Westminster Policy News & Legislative Analysis

Harriet Harman appointed PM adviser on women and girls

The Prime Minister's Office announced on 9 May 2026 that Baroness Harriet Harman has been appointed as the Prime Minister's Adviser on Women and Girls. The published notice presents the post as a senior advisory role reporting into the centre of government, rather than a departmental ministerial brief. (gov.uk) According to the Downing Street release, Harman is expected to advise the Prime Minister on how government can deliver more effectively for women and girls. The remit published by No 10 covers violence against women and girls, access to economic opportunity and representation in public life. (gov.uk)

The appointment is framed as a cross-government role. Downing Street says Harman will work with ministers across government, draw on work with women across Parliament and identify action needed to tackle misogyny and widen opportunity in parliamentary and public life. (gov.uk) That design matters because the government's 2026 strategy on violence against women and girls argues that the issue cannot be left within one department. In Freedom from Violence and Abuse, ministers say progress will require sustained action beyond departmental silos, with violence against women and girls treated as a mainstream responsibility across public institutions. (gov.uk)

One part of the brief is explicitly internal to Whitehall. The Downing Street notice says Harman will work with the Cabinet Secretary to change culture across the Civil Service and ministerial offices, with the stated aim of improving opportunity for women and strengthening government delivery for women. (gov.uk) In administrative terms, that gives the role a second purpose beyond external policy co-ordination. It suggests attention to how departments recruit, promote, manage conduct and build the experience of women into policy design and implementation. This reading is an interpretation of the published remit rather than a separate government statement. (gov.uk)

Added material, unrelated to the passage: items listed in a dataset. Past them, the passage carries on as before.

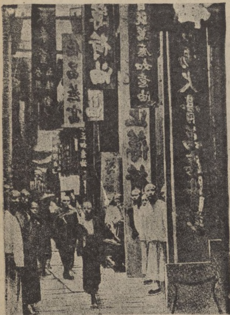
UNA CALLE DE CANTÓN
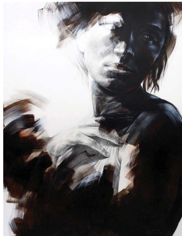
صدمة - (١٣٠X١٠٠) - رصاص و أكرليك على توال-٢٠١٥ shock - 100x130cm- pencil & Acrylic on canvas – 2015
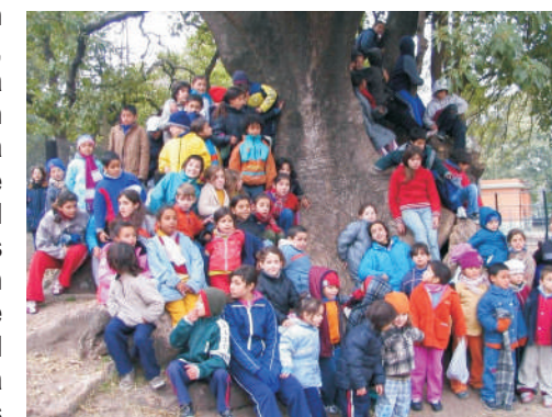
Niños de GURISAES

Los niños que asisten a Gurisaes típicamente viven en condiciones de hacinamiento junto con su madre, unos 5 hermanos hijos de padres diferentes y la pareja actual de la madre. Normalmente se alojan en casonas abandonadas y comparten entre todos una habitación. El tipo de problemática que viven se caracteriza principalmente por la delincuencia, el consumo y tráfico de drogas y la prostitución. Más del 50% de los niños que asisten a Gurisaes tienen problemas de malnutrición: su alimentación proviene básicamente de hurgar basura o pedir en la calle. El resto de la población padece de deficiencia alimentaria; su alimentación está basada en dulces financiados en su mayoría por la delincuencia y el
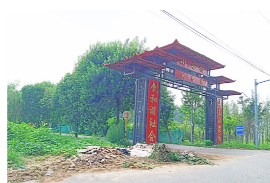
西集镇杜柳棵路小屯村村口-积存垃圾
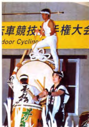
アトラクション太鼓演奏 (吹上青松太鼓)
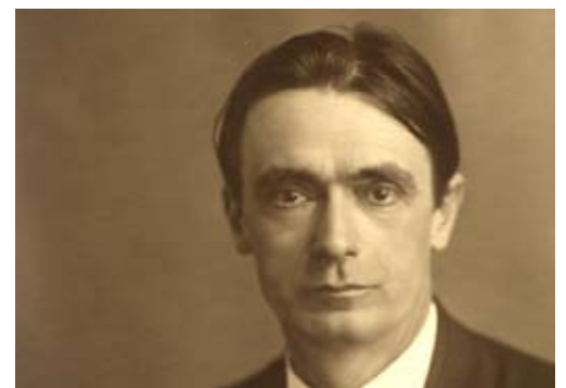
Rudolf Steiner 1907

Allgemeine Anthroposophische Gesellschaft und die Freie Hochschule für Geisteswissenschaft am Goetheanum (1923/24)
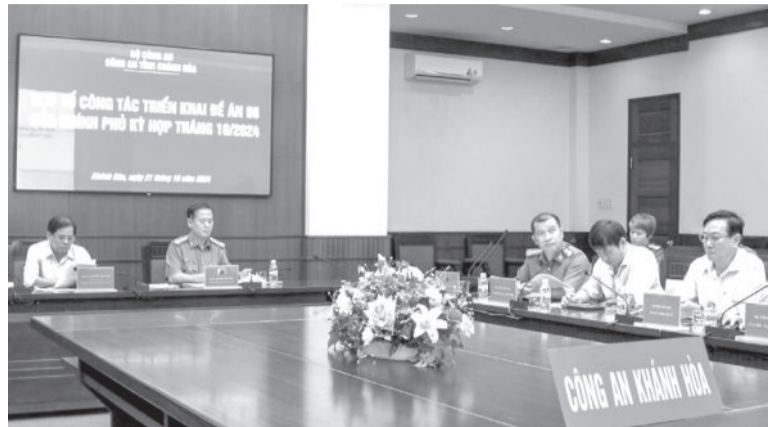
● Các đại biểu tham dự hội nghị tại điểm cầu Khánh Hòa.
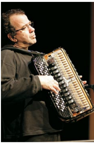
RICHARD GALLIANO

● Sobota, 15. september 2007, ob 19.30 Dvorana Union Maribor
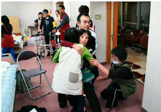
床に倒れた際の車椅子移乗の体験です

10月2日開講した「ホームヘルパー2級養成講座」ですが、24名の受講生に参加頂き、10月は通信教育、11月は町内専門職を講師に招きスクーリングを実施、12月は町内福祉施設等で現場実習を行っております。1月15日の修了式には、ヘルパー2級の修了証が受講生に手渡される予定です。
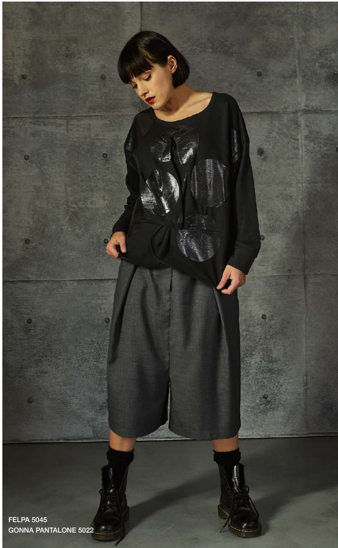
FELPA 5045 GONNA PANTALONE 5022
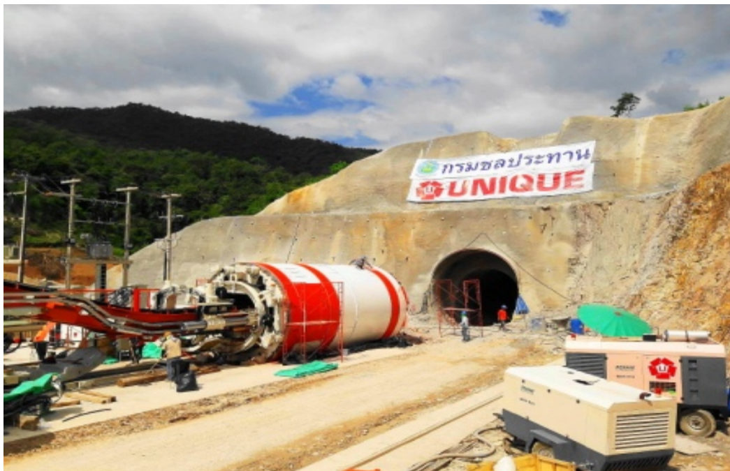
โครงการถนนวงแหวนอุตสาหกรรม สัญญาที่ 3
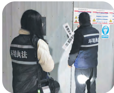
环境执法检查封现场
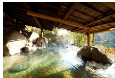
天ヶ瀬温泉 山荘天水/イメージ

羽田空港から大分空港に到着後、別府港の南に位置する「日出（ひじ）町」では日出城三ノ丸跡に立つ「的山荘」にて、地域で獲れた新鮮な海の幸を使った割烹料理をご用意しております。豪華な近代和風建築の日本家屋で極上の美食を堪能していただけます。ご宿泊はさまざまな全国温泉ランキングでも常に上位に位置づけられる「由布院」で、御三家宿と呼ばれる宿のうち、お好きな宿にご宿泊していただけます。それぞれに個性がある宿で洗練された上質のおもてなしをご堪能していただけます。
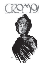
Primera portada de Cromos, 1916.
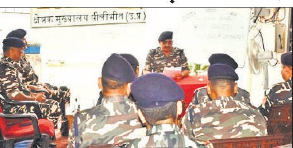
कार्यक्रम में मौजूद एसएसबी जवान।
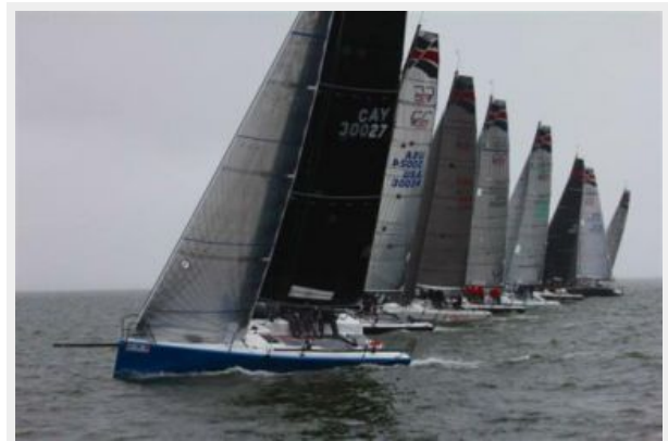
C&C 30 One Design Start
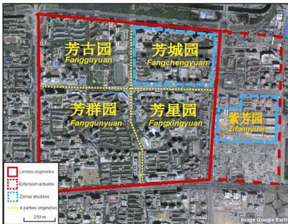
Carte 1 - Carte des zones étudiées

Downing Street has justified the choice of Harman by reference to experience rather than a new policy platform. The release points to her record on women's political representation, maternity rights and violence against women and girls, and notes her earlier work as Solicitor General to make domestic violence a government priority. (gov.uk) The same notice links that earlier period to the Domestic Violence, Crime and Victims Act 2004 and to a network of 60 specialist domestic violence courts. The Act itself is a formal piece of primary legislation, and its explanatory material confirms that it received Royal Assent in November 2004. (gov.uk)

The appointment also sits within a wider government programme on violence against women and girls. The Prime Minister's Office says the government now treats the scale of violence and abuse affecting women and girls as a national emergency, while the 2026 strategy sets a ten-year goal to halve these crimes through prevention, pursuit of perpetrators and stronger support for victims and survivors. (gov.uk) The strategy sets out why ministers are trying to hold the issue at the centre of government. It states that one in eight women in England and Wales experienced domestic abuse, sexual assault or stalking in the year ending March 2025, and that police recorded almost 200 rapes a day in the year ending June 2025. On the government's own account, a direct reporting line to the Prime Minister is meant to keep pressure on delivery across departments rather than treating the issue as a narrow criminal justice file. The final sentence is an inference from the reporting line and the strategy's cross-government language. (gov.uk)

The immediate accountability detail is limited but clear. The Downing Street notice states that Harman will report directly to the Prime Minister and that the post is unpaid and part-time. (gov.uk) What has not yet been published is a separate delivery framework, timetable or set of role-specific performance measures attached to the advisory brief. For departments, the practical test will be whether the appointment produces visible follow-through on violence against women and girls, women's representation and opportunity inside government and in public life. The observation about what is not specified is based on the text of the published notice. (gov.uk)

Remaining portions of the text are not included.